▶ **ACTIVITY**
Drop the pictures and restate the rest of the listing word for word.

▶ **INFORMATION PROVIDED**
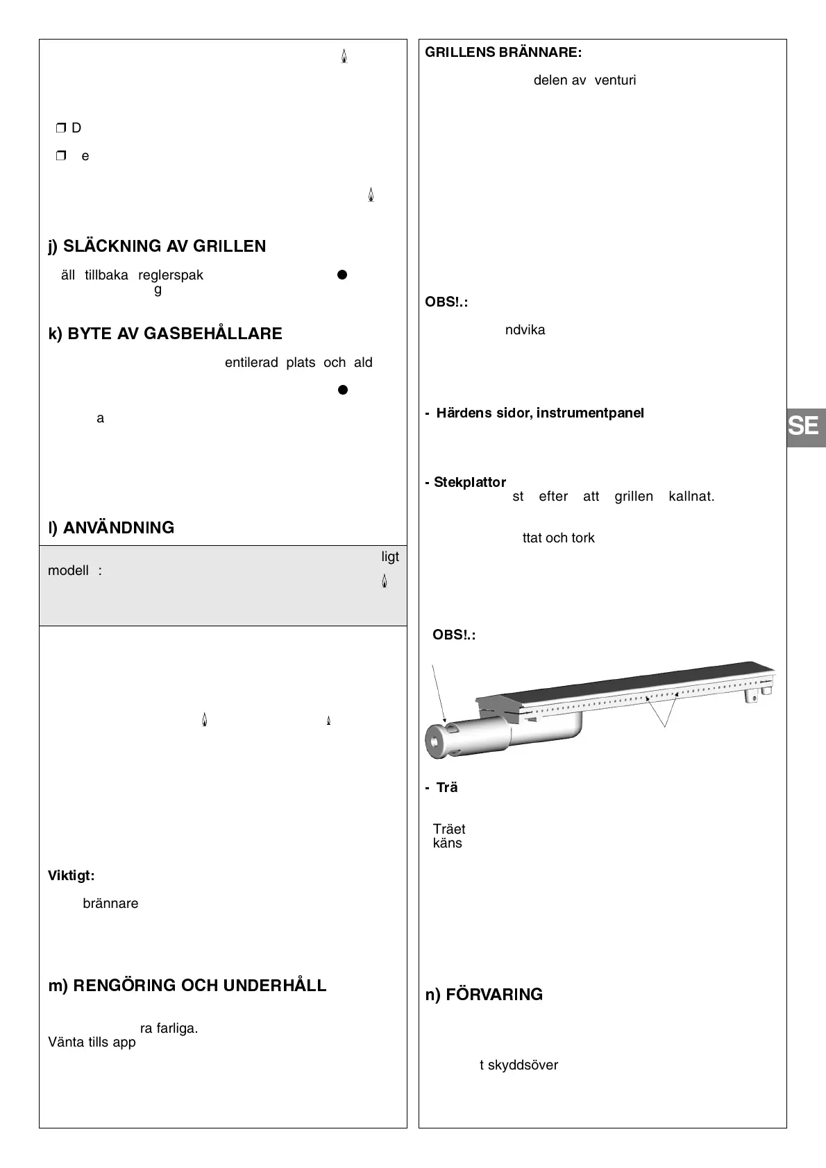 rengöras och kontrolleras. Ta bort hela brännaren,
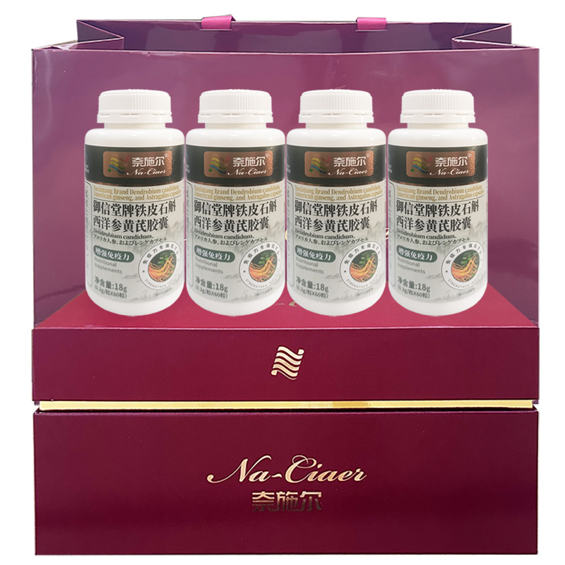 奈施尔西洋参铁皮石斛黄芪胶囊60粒*4瓶礼盒装高山霍山铁皮枫斗粉颗粒¥498.00热销中 -
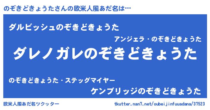 | 男性向けラノベタイトル風あだ名 | 『魔弾の王とのぞきどきょうた』 |
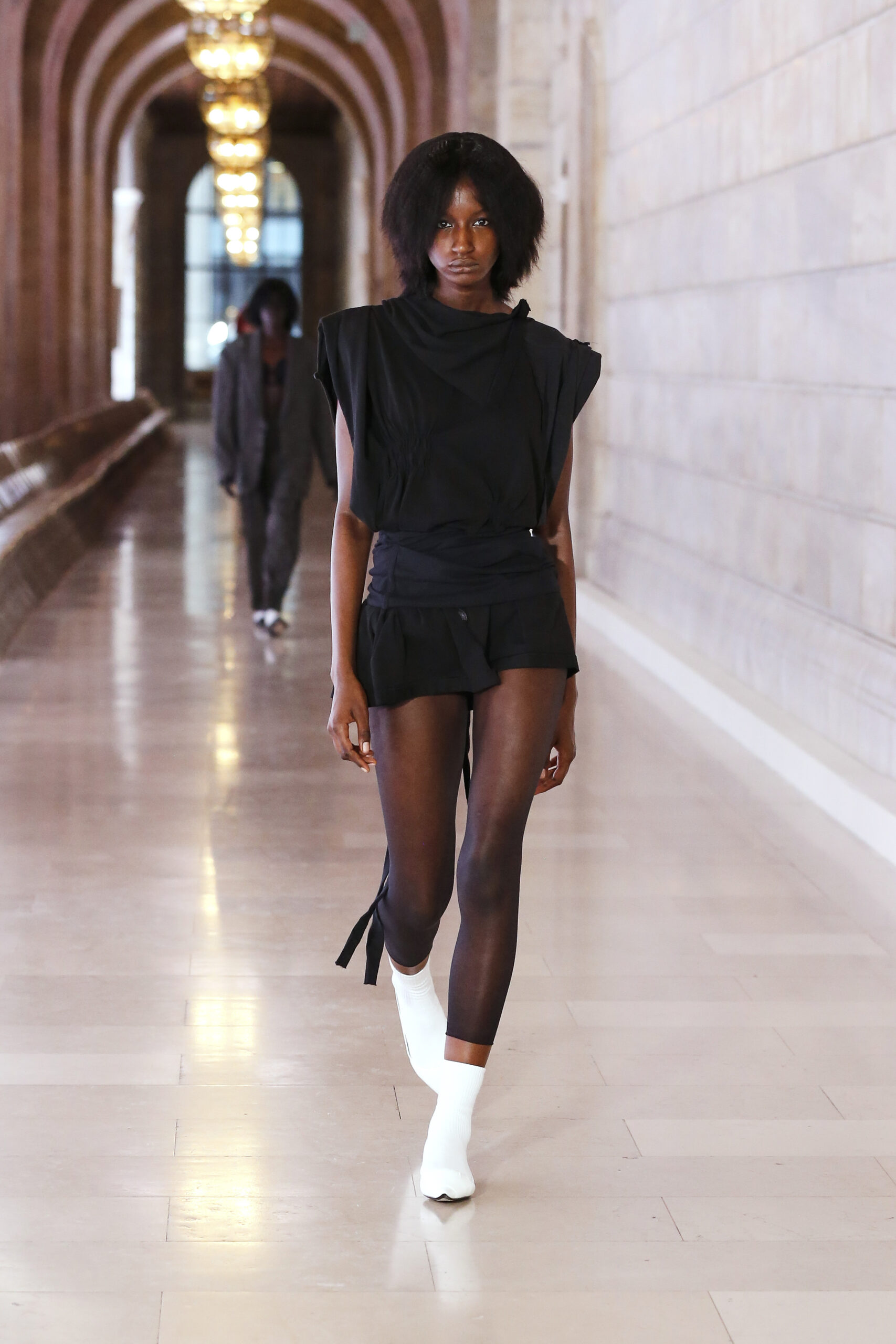 Tra tagli di capelli cyberpunk, miniabiti, giacche oversize e abiti sartoriali, lo spettacolo è stato accompagnato da note scritte da Chat GPT di Open AI, avvolgendo il pubblico quasi come un magnetico incantesimo da inizio a fine.

▶ **ANSWER SPACE**
 rengöras och kontrolleras. Ta bort hela brännaren,
 奈施尔西洋参铁皮石斛黄芪胶囊60粒*4瓶礼盒装高山霍山铁皮枫斗粉颗粒¥498.00热销中 -
 | 男性向けラノベタイトル風あだ名 | 『魔弾の王とのぞきどきょうた』 |
 Tra tagli di capelli cyberpunk, miniabiti, giacche oversize e abiti sartoriali, lo spettacolo è stato accompagnato da note scritte da Chat GPT di Open AI, avvolgendo il pubblico quasi come un magnetico incantesimo da inizio a fine.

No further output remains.